I didn't really understand the point of 2, but admittedly haven't studied equity or land law yet!

If this is true of houses, presumably it would be true of everything? i.e. I am the legal owner of my iphone, but if I wanted to it I could settle it on trust with myself as sole beneficiary and myself as trustee (making no difference at all to anything).

I had assumed that completely empty trusts like this would be treated as if they didn't exist at all - I don't really see the *point* of what your tutor is getting at. How could a trust where no legal or equitable title has passed do *anything*

Would be interested to see the answer myself, I can't see how they are correct.
Your tutor is wrong. You don't hold it on trust for yourself. A trust only occurs where there is a separation of beneficial and legal ownership. (Westdeutsche Landesbank, AC at para 669, 706 )
I'd lean more towards point 2 but I agree with Forum User - if it's only you, it's hard to see how there's any kind of trust. I think your tutor may be just trying to make the point that ownership can be legal and equitable and when you buy a house for yourself with no one else in the scenario, you must have legal and equitable ownership. But I wouldn't bother saying you're the trustee and beneficiary, you're just wasting words in an exam (this snide comment is directed at your tutor rather than you since I agree with your confusion :wink:)
Original post by Jilly.0
When you buy a house, my tutor said that you are holding it for trust for yourself. I understand how it works under co-ownership, but WHY would you hold it on trust for yourself when you're the sole legal owner?
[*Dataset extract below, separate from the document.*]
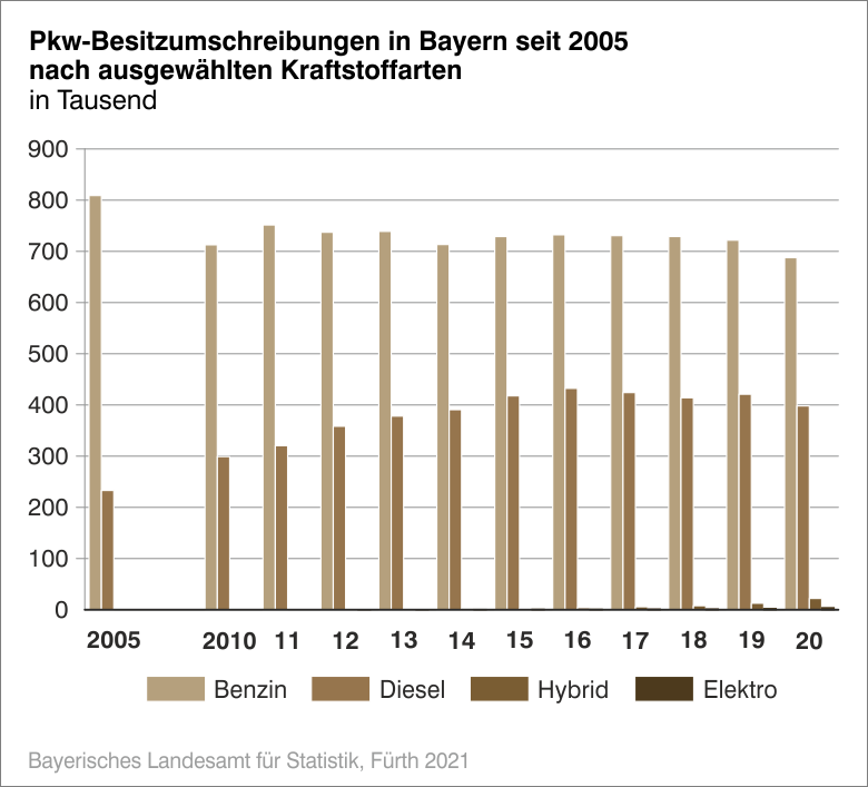 Wie das Bayerische Landesamt für Statistik weiter mitteilt, sanken Pkw-Neuzulassungen um 21,0 Prozent auf 579 065 Fahrzeuge. Davon nutzen 252 848 Fahrzeuge Benzin (-37,9 Prozent), 174 866 Diesel (-29,9 Prozent) und 151 351 andere Kraftstoffarten wie Gas, Elektro, Hybrid (+98,0 Prozent).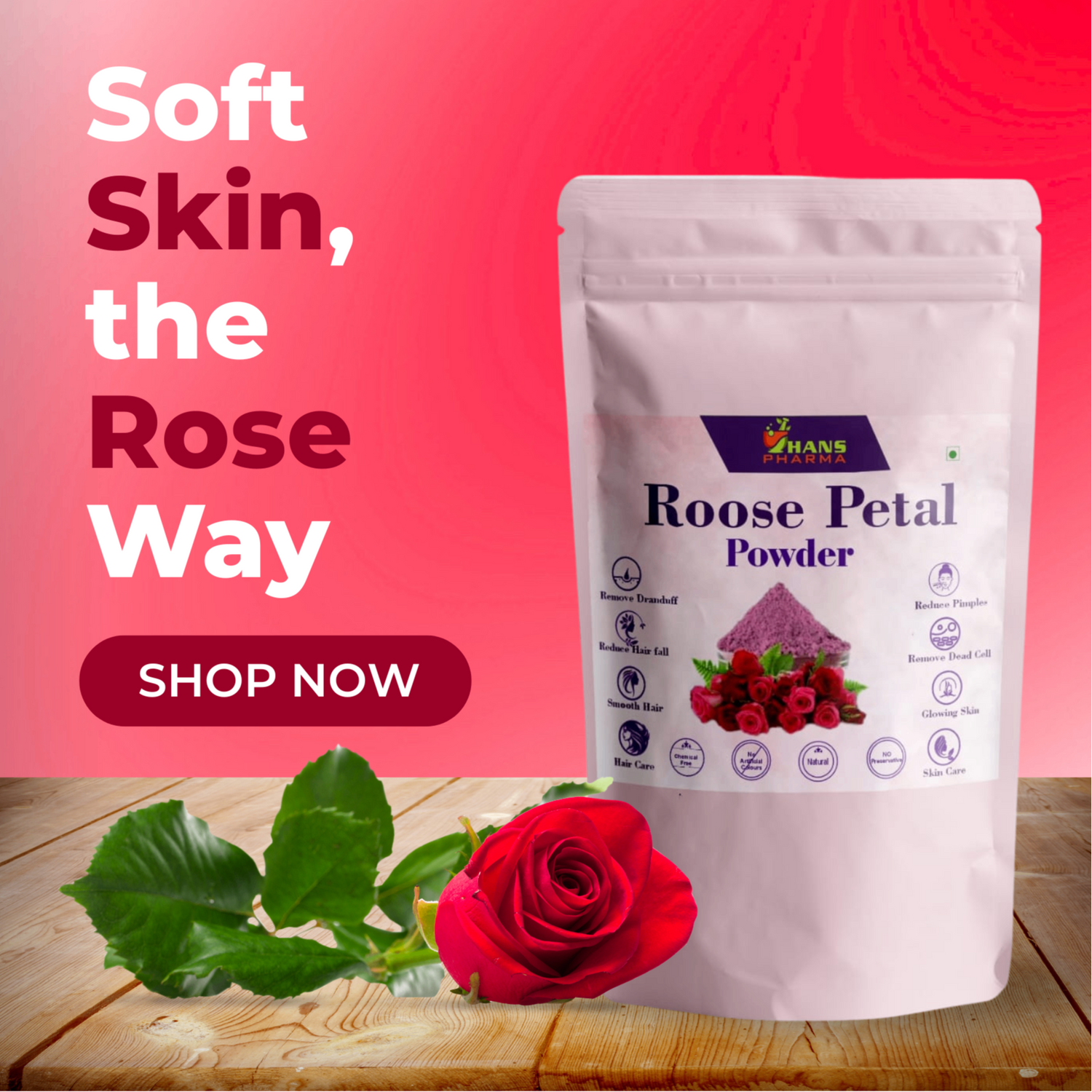 Hans Pharma Roose Petal Powder is a gentle, natural remedy for glowing skin and healthy hair. Made from pure dried rose petals, it helps remove dead skin, reduce pimples, control dandruff, and improve hair texture. Ideal for face packs, scrubs, and hair masks. 100% natural

I came up with two possible theories, both of which seem wrong:
1) Before the transaction is complete (registration not yet done etc), you already have an equitable interest so in that sense, trust is established, but the trustee is still the seller and not you

2) You are the absolute legal owner, i.e. having the legal and equitable title. In equity, Trustees own the legal and beneficiaries own the equitable title. Because you have both, you are also both the trustee and the beneficiary.


Can any property law students/ property law practitioners please help? Thank you!


Either your tutor is wrong or you have misunderstood.
Original post by The West Wing
Your tutor is wrong. You don't hold it on trust for yourself. A trust only occurs where there is a separation of beneficial and legal ownership. (Westdeutsche Landesbank, AC at para 669, 706 )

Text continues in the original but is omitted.